To create a pipeline that runs on classic compute, users must first have permission to deploy classic compute, either unrestricted creation permission or access to a compute policy. Serverless pipelines do not require compute creation permissions. By default, all workspace users can use serverless pipelines.

note

Because the Lakeflow Declarative Pipelines runtime manages the lifecycle of pipeline compute and runs a custom version of Databricks Runtime, you cannot manually set some compute settings in a pipeline configuration, such as the Spark version or cluster names. See Cluster attributes that are not user settable.

Select a compute policy

Workspace admins can configure compute policies to provide users with access to classic compute resources for Lakeflow Declarative Pipelines. Compute policies are optional. Check with your workspace administrator if you lack the compute privileges required for Lakeflow Declarative Pipelines.See Define limits on Lakeflow Declarative Pipelines compute.

When using the Pipelines API, to ensure that compute policy default values are correctly applied, set "apply_policy_default_values": true in the clusters definition:

JSON
{
"clusters": [
{
"label": "default",
"policy_id": "<policy-id>",
"apply_policy_default_values": true
}
]
}

Configure compute tags

You can add custom tags to your pipeline's classic compute resources. Tags allow you to monitor the cost of compute resources used by various groups in your organization. Databricks applies these tags to cloud resources and to usage logs recorded in the usage system tables. You can add tags using the Cluster tags UI setting or by editing the JSON configuration of your pipeline.

Select instance types to run a pipeline

By default, Lakeflow Declarative Pipelines selects the instance types for your pipeline's driver and worker nodes. You can optionally configure the instance types. For example, select instance types to improve pipeline performance or address memory issues when running your pipeline.

To configure instance types when you create or edit a pipeline in the Lakeflow Declarative Pipelines UI:

  1. Click the Settings button.
  2. In the Advanced section of the pipeline settings, in the Worker type and Driver type drop-down menus, select the instance types for the pipeline.

Configure separate settings for the update and maintenance clusters

Each declarative pipeline has two associated compute resources: an update cluster that processes pipeline updates and a maintenance cluster that runs daily maintenance tasks (including predictive optimization). By default, your compute configurations apply to both of these clusters. Using the same settings for both clusters improves the reliability of maintenance runs by ensuring that required configurations such as data access credentials for a storage location are applied to the maintenance cluster.

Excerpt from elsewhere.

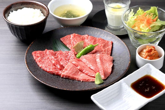 〈特上カルビ60g、特上あかみ60g、塩タン60g、サラダ、スープ、白菜キムチ、ご飯、ミニデザート〉
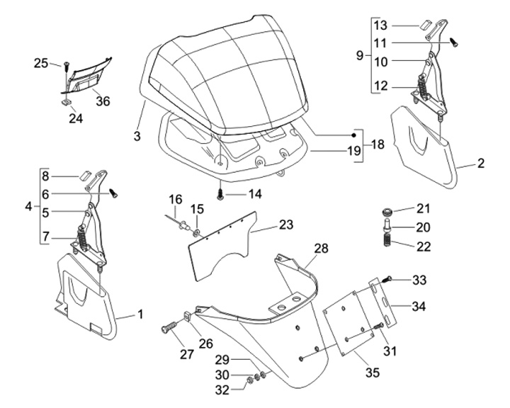 Allargamento per portatarga -PIAGGIO- Vespa GT 250 (ZAPM45102), Vespa GT L 125 (ZAPM31100, ZAPM31101), Vespa GT L 200 (ZAPM31200), Vespa GTS 125 (ZAPM31300), Vespa GTS 250 (ZAPM45100, ZAPM45101), Vespa GTS 300 (ZAPM45200, ZAPM45202), Vespa GTS Sup

To apply settings to only one of the two clusters, add the label field to the setting JSON object. There are three possible values for the label field:

  • maintenance: Applies the setting only to the maintenance cluster.
  • updates: Applies the setting only to the update cluster.
  • default: Applies the setting to both the update and maintenance clusters. This is the default value if the label field is omitted.

If there is a conflicting setting, the setting with the updates or maintenance label overrides the setting defined with the default label.

note

The daily maintenance cluster is used only in certain cases:

  • Pipelines stored in Hive metastore.
  • Pipelines in workspaces that have not accepted the serverless compute terms of service. If you need assistance accepting the terms, contact your Databricks representative.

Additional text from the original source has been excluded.